Adesso “godiamoci” questi playoff arrivati un po’ così. Per ricchi: chi scrive non è particolarmente entusiasta di questa soluzione, né tantomeno ovviamente dei playout. In un quadro di sistema, le retrocessioni si potevano francamente evitare, non si può dimenticare che parliamo della cerniera tra professionismo e dilettantismo. Sul tema, torneremo a breve. Alla fine, in un modo o nell’altro, anche senza entusiasmi, sarà comunque bello celebrare il pallone che torna in campo. La questione da risolvere ora è quella dei contratti. Dalla Lega Serie A è arrivata l’indicazione che il rebus sia vicino alla soluzione. Fatti salvi i contratti che scadono il 30 giugno. In altre parole: nulla è risolto, serviranno contrattazioni individuali. Servirà, in ultima analisi, il buonsenso di tutti: fin qui non sempre c’è stato, ma anche nelle aule di giurisprudenza insegnano che è un criterio chiave per dirimere qualsiasi questione.
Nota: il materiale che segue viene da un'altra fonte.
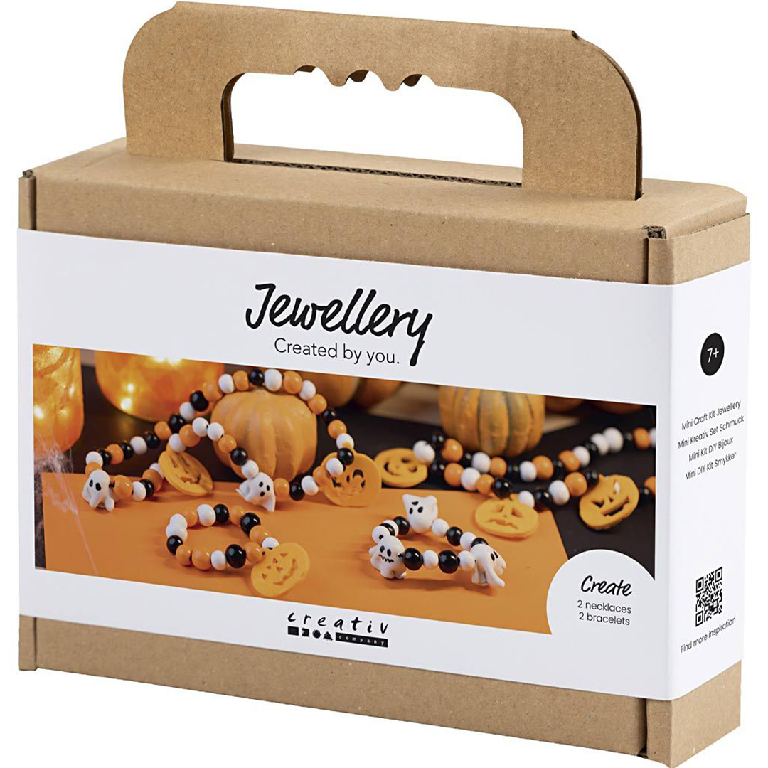 Creative Companyn tee se itse -paketilla lapset voivat tehdä hienoja Halloween-koruja värikkäistä helmistä ja riipuksista. Paketti sisältää materiaalit kahteen kaulakoruun ja yhteen rannekoruun sekä kaikki tarvittavat ohjeet.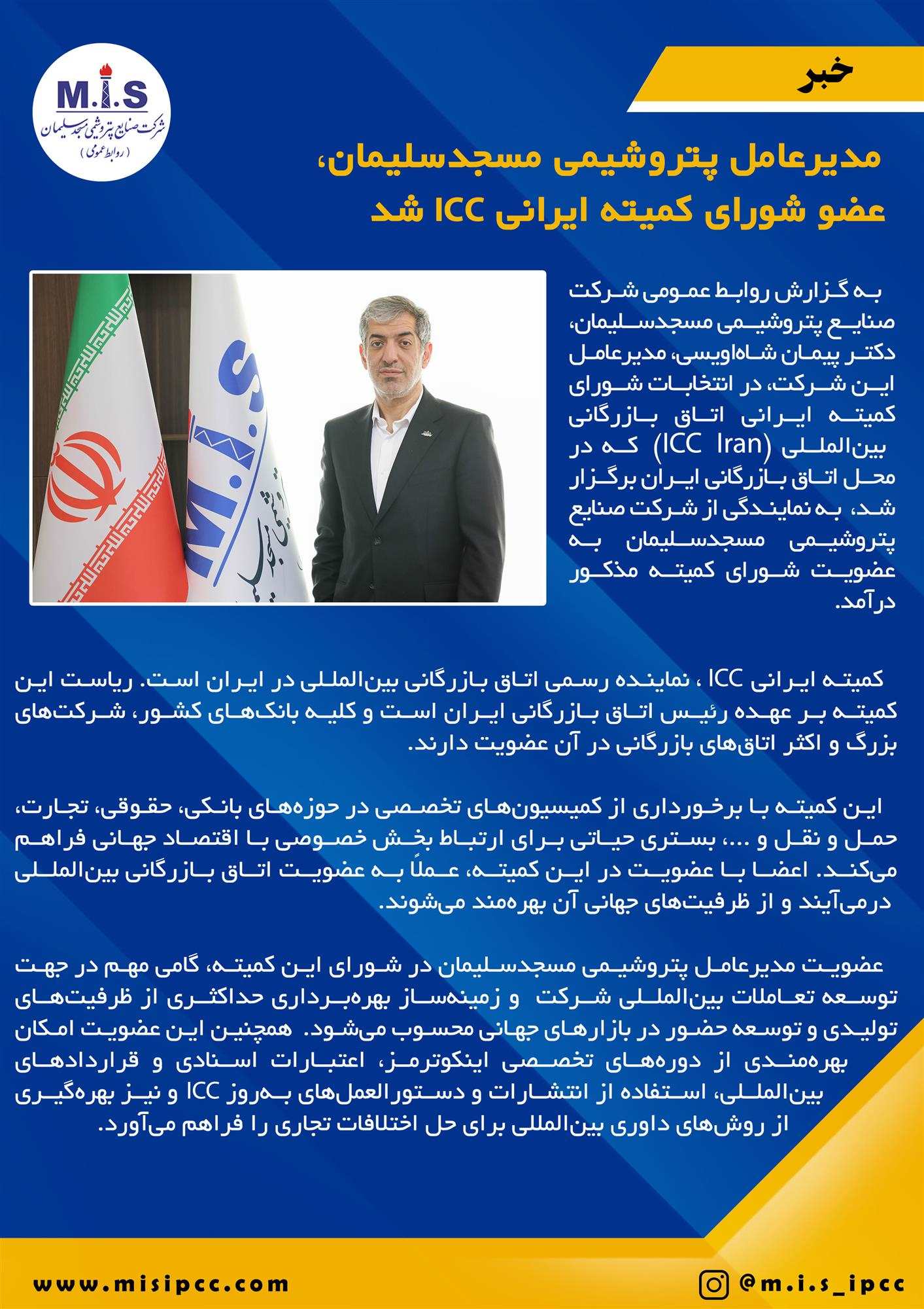 عضویت مدیرعامل پتروشیمی مسجدسلیمان در شورای این کمیته، گامی مهم در جهت توسعه تعاملات بینالمللی شرکت و زمینهساز بهرهبرداری حداکثری از ظرفیتهای تولیدی و توسعه حضور در بازارهای جهانی محسوب میشود. همچنین این عضویت امکان بهرهمندی از دورههای تخصصی اینکوترمز، اعتبارات اسنادی و قراردادهای بینالمللی، استفاده از انتشارات و دستورالعملهای بهروز ICC و نیز بهرهگیری از روشهای داوری بینالمللی برای حل اختلافات تجاری را فراهم میآورد.

Playoff a parte, c’è da guardare al futuro. Sul quale si gioca una battaglia anzitutto politica: la campagna elettorale è quella che è, ma sarebbe opportuno tenerne fuori l’organizzazione del calcio del futuro. Se solo fossimo capaci, qui l’abbiamo scritto già varie volte, di dar vita a una vera e propria costituente del pallone, probabilmente non ci vorrebbe molto. La chiave di volta, ma anche la chimera, è il semiprofessionismo: tutti ne parlano, nessuno sa davvero come impostarlo. In Italia c’era fino al ’78, ma si sostanziava in meno controlli. Oggi non può essere così, almeno questa lezione l’abbiamo imparata. Snellire i contratti senza renderli facilmente aggirabili, alleggerire i costi (soprattutto fiscali) senza per questo rendere più blande le verifiche sul corretto andamento societario. Sono i traguardi ai quali, in qualche modo, bisogna puntare. Più della B a 40 squadre, una riforma che sarebbe meglio tenere nei cassetti e non vada oltre, servirebbe un ritorno alla C2: il vero errore è stato eliminarla. Oggi in C vi sono 60 società con una disomogeneità incredibile. Il monte ingaggi delle big è di un altro pianeta rispetto a chi lotta per non retrocedere. Che siano nella stessa categoria, in effetti, non ha molto senso. A, B e C, professionistiche, da 20 squadre, poi C2 da 40 (due gironi) semiprofessionistica e infine la D. Non è una nostra proposta, è quella che convince di più chi vi scrive. Ci sarebbe un cuscinetto e ci sarebbero più squadre che lottano per vincere, anziché per vivacchiare. Passa tutto, però, da un riforma globale: abbiamo una legge sul professionismo di 39 anni fa, una legge sui diritti tv che non piace a nessuno. Non abbiamo una normativa convincente sugli stadi (e più in generale sull’impiantistica sportiva) e il professionismo femminile è ancora una pia speranza. Se persino dopo questa crisi non ci si siede tutti al tavolo, dimenticando le rispettive convenienze, allora non abbiamo davvero imparato nulla.